I confess I have trouble understanding the kind of roadblock described here, as my personal experience was that I was doing real work with Tinderbox, using most of it features, within a couple days of downloading it. I did have to endure some frustrating moments rewriting someof my templates because html export did not work the way I assumed it should in some details, and, as the documention was (and is) sorely lacking in technical detail, the only way to find out what the program actually did was through a process of trial and error.
But I can only imagine how frustrating it must be for the folks at Eastgate to be confronted with a constant trickle of would-be users who think that Tinderbox might be what they're looking for but is too hard to figure out.
I think it would be excellent if those of us who use Tinderbox could help the would-be users, but the hard work is up to them: the hard work of explaining what they had hoped to do with Tinderbox and why they couldn't figure out how to do it.

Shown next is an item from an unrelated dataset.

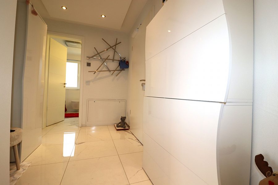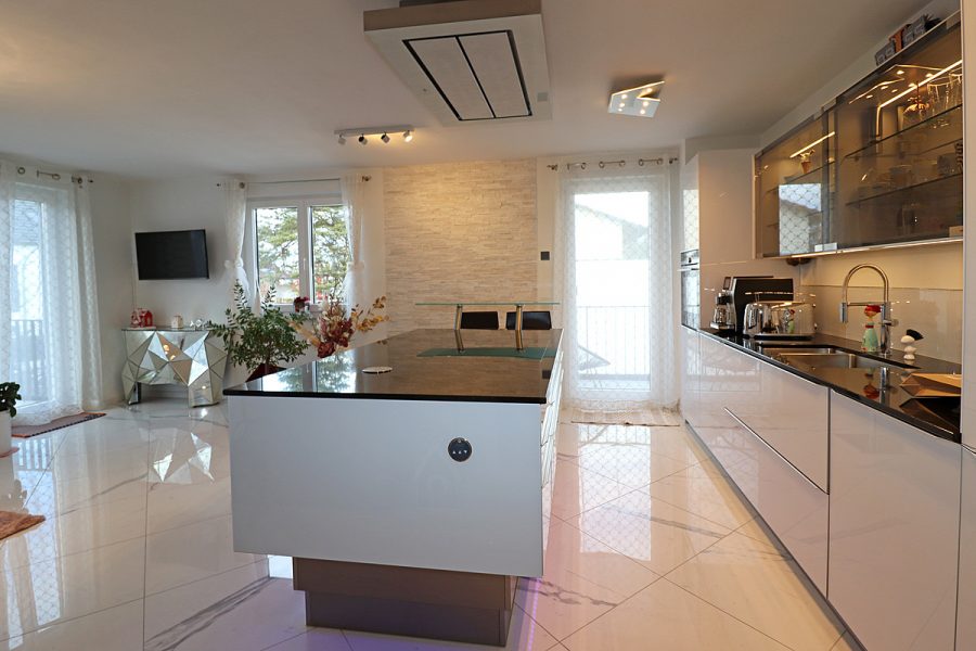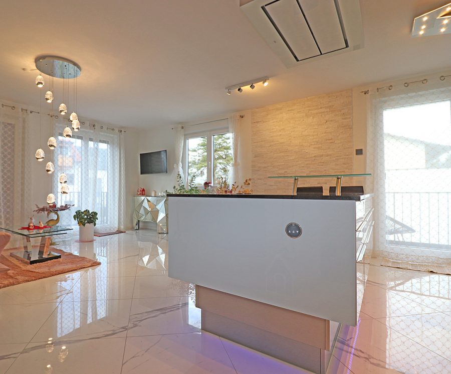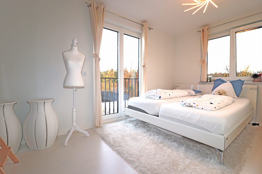 In allen Wohnräumen sind weiß gefärbtes Echtholzparkett und italienische Fliesen verlegt worden. Es ist überall Smart-Home-Technik verbaut. Das heißt man kann die Rollläden, die Fußbodenheizung, Beleuchtung etc. bequem mit dem Handy bedienen.

And before that, the apparently arduous work of actually reading the manual.
Because, from these messages, I can't figure out where to start in trying to help them.
To pick on the current correspondent: would someone who had spent significant time with the documentation be likely to refer to a note as a "card"? I was a big Hypercard user in the old days, but I never had the urge to use this terminology. (No offense intended here; I understand that English is not your native language and that that may be the reason for this and for your trouble with the manual.)
So, perhaps you can start. What are you trying to accomplish with Tinderbox? When you say "but everything above this level [creating a note] is a mystery", what are you trying to do? I would say that the next level is drawing a line between two notes to indicate a relationship. Are you saying that you couldn't figure out, even with the manual, how to do this? Why is the manual a pain?
A final note to several people who have complained that they couldn't figure out how to use the program effectively without, well, using it for a while: isn't this the case for any non-trivial piece of software? Do you expect every program to be MacPaint? I've been using Photoshop for a couple of years now, and there is still, I would estimate, a third of the program's features that I don't really know how to use.
Let us help you. Actually tell us what the problem is.